If teams create their own input files, they should carefully mimic the format in the provided input files. In particular, any special characters (for example, '.' to represent an empty space on a game board) should be used as in the provided input file, and whitespace characters should be used exactly as they were used in the provided input file (generally this means there should be a single space between values given on the same line, no blank lines, and no extra whitespace characters at the ends of lines). Do not count on the supplied input code to detect if the input file is malformed.
Output, when handled by team-written code,
will consist of System.out.print or
System.out.println statements. When sample output is given
in a problem description, it should be assumed, unless it is otherwise
stated, that there are no blank lines in the output, and that there are no
extra whitespace characters between the last non-whitespace character and
the newline character. For example, if the sample output is
Programming Contest 2008then acceptable code to produce that output would be
System.out.println("Programming Contest");
System.out.println("2008");
but not
System.out.println("Programming Contest "); // note the extra spaces
System.out.println("2008");
and not
System.out.println("Programming Contest");
System.out.println("2008");
System.out.println(); // there shouldn't be an extra blank line
No other System.out.println statements should be present in the submitted code. If such statements are used for debugging, they should be removed before the code is submitted.

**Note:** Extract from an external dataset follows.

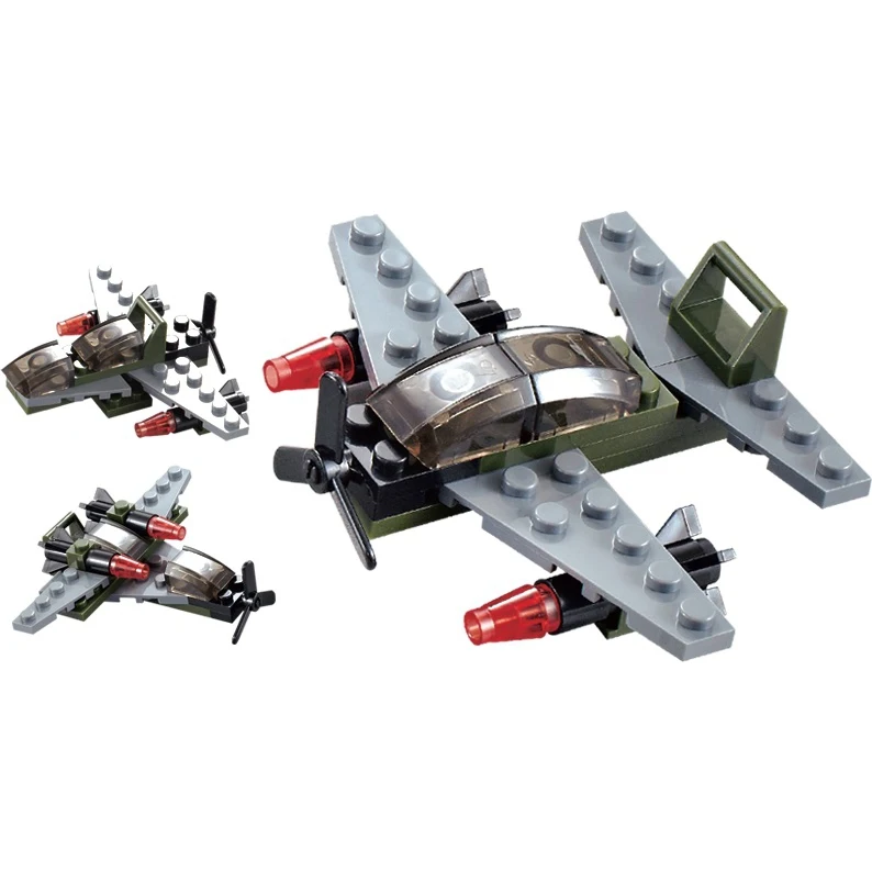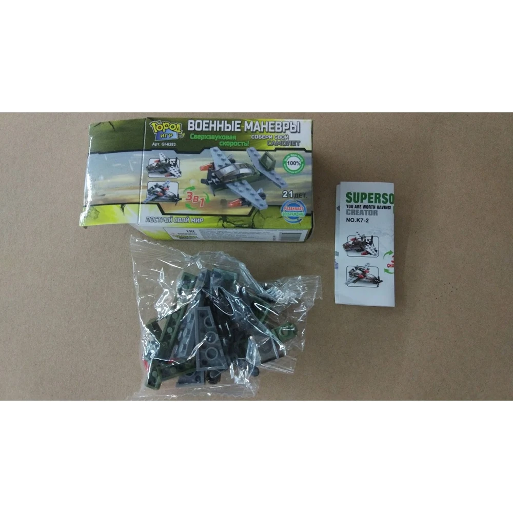 Конструктор SuperBlock "Военные маневры. Самолет классический XS". Конструктор 3 в 1 cобирается в боевые самолеты. Детали изготовлены из высококачественной пластмассы, надежно скрепляются между собой и не разваливаются сами по себе, но при необходимости разбираются без особого труда. Конструктор имеет 21 деталь, имеет четкую и понятную инструкцию в картинках. Детали конструктора совместимы с конструкторами других марок. Размер изделия: 10x10x3 см.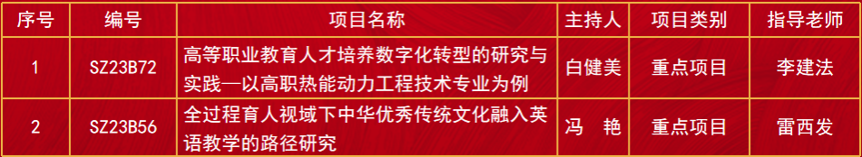 近日,中国职业技术教育学会公布了2023年职业教育课题立项名单,本年度全国共有多所高校、近500个项目提交了项目申报书,最终有90项通过评审,正式立项,神木职院两个项目:《 高等职业教育人才培养数字化转型的研究与实践—以高职热能动力工程技术专业为例》和《全过程育人视域下中华优秀传统文化融入英语教学的路径研究》成功立项。

Generic collection classes are now part of the AP Java subset. Therefore, where any provided code uses the Java Collections Framework, that code will use generics. We may, at our option, also provide alternate ways of using the collections without generics, for example if we provide a method List< Integer > getCodes() then there may also be a method List getCodesHeterogeneous(). Note that if such alternatives are present, then we will get the following compiler warnings
Note: StudentList.java uses unchecked or unsafe operations. Note: Recompile with -Xlint:unchecked for details.which can be safely ignored for the purposes of the contest.
Furthermore, wherever collections are used, we will provide a way to access the items in the collection without using the collections classes. For example, we may provide methods to count the number of items in a collection, and retrieve the items by index, so that
List< String > l = students.getNames(); Iterator< String > i = l.iterator(); while (i.hasNext()) System.out.println(i.next());and
for (int i = 0; i < students.countNames(); i++) System.out.println(students.getName(i));would behave identically.